** INPUT **
------------------------------------
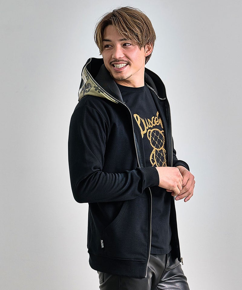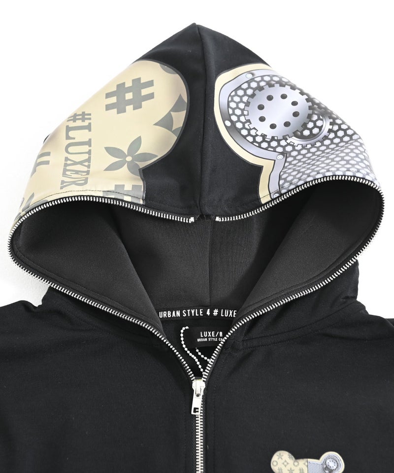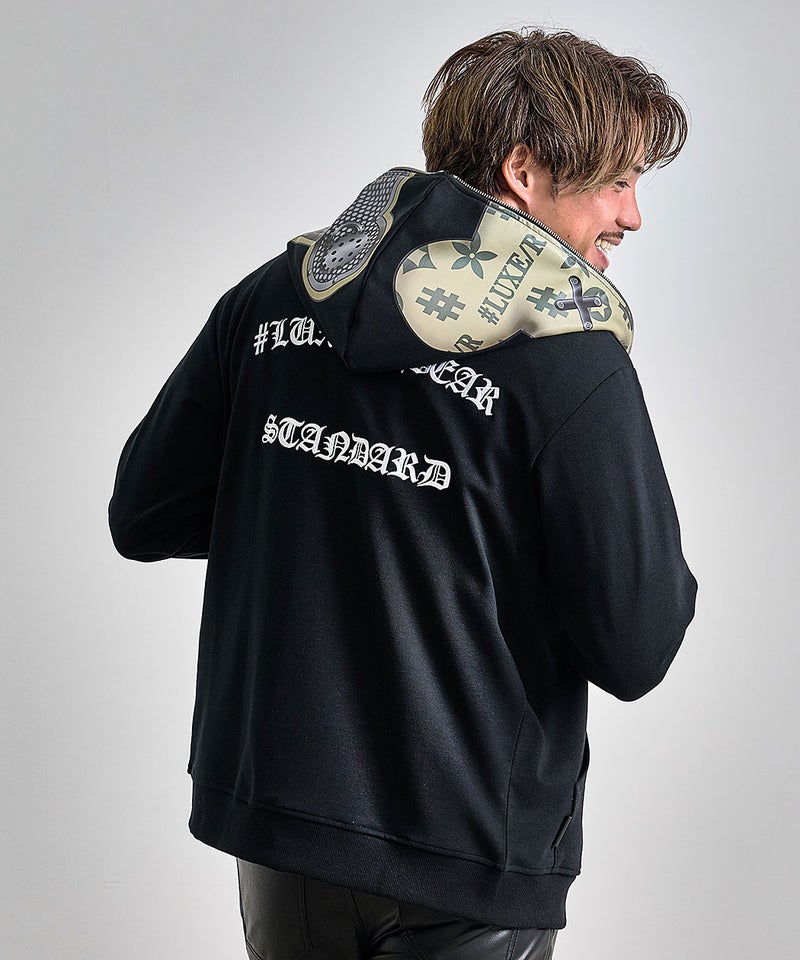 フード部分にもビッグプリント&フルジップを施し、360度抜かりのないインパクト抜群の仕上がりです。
------------------------------------
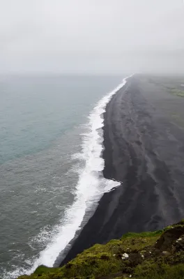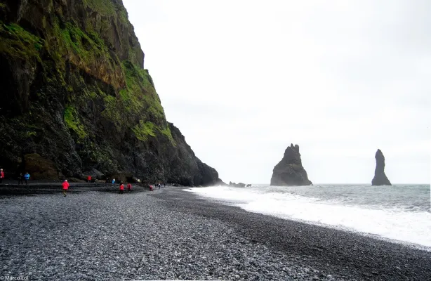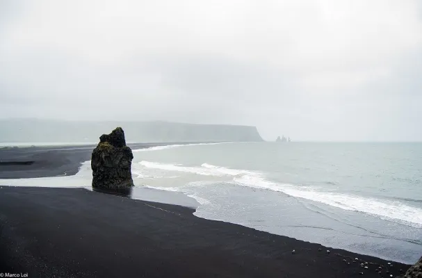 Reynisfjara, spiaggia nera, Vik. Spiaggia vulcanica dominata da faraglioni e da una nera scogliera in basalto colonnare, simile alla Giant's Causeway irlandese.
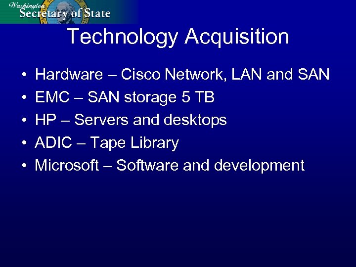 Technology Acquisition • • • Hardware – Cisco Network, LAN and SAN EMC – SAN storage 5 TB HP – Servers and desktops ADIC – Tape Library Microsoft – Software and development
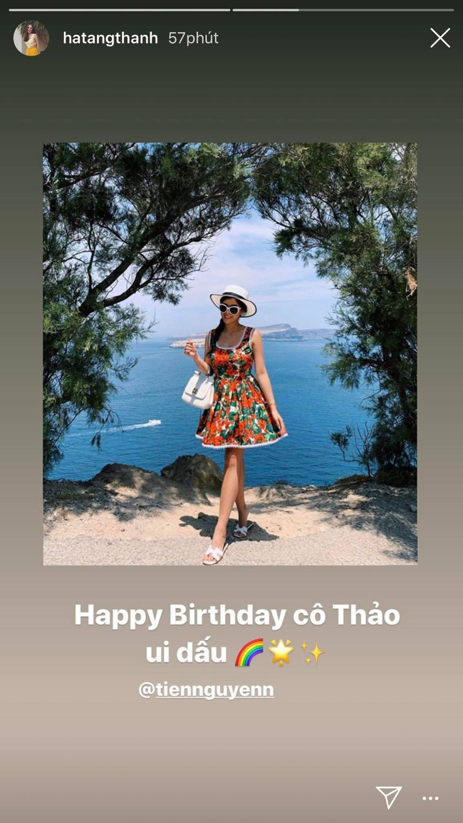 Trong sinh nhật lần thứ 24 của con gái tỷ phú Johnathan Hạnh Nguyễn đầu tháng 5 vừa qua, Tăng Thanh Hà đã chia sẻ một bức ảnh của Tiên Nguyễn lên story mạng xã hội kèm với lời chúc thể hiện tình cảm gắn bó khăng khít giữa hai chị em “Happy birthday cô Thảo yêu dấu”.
------------------------------------
When copying from the data above, print only the lines from the line containing "Reynisfjara, spiaggia nera, Vik." to the line containing "Technology Acquisition •", exactly, and leave the pictures out.

 Reynisfjara, spiaggia nera, Vik. Spiaggia vulcanica dominata da faraglioni e da una nera scogliera in basalto colonnare, simile alla Giant's Causeway irlandese.
 Technology Acquisition • • • Hardware – Cisco Network, LAN and SAN EMC – SAN storage 5 TB HP – Servers and desktops ADIC – Tape Library Microsoft – Software and development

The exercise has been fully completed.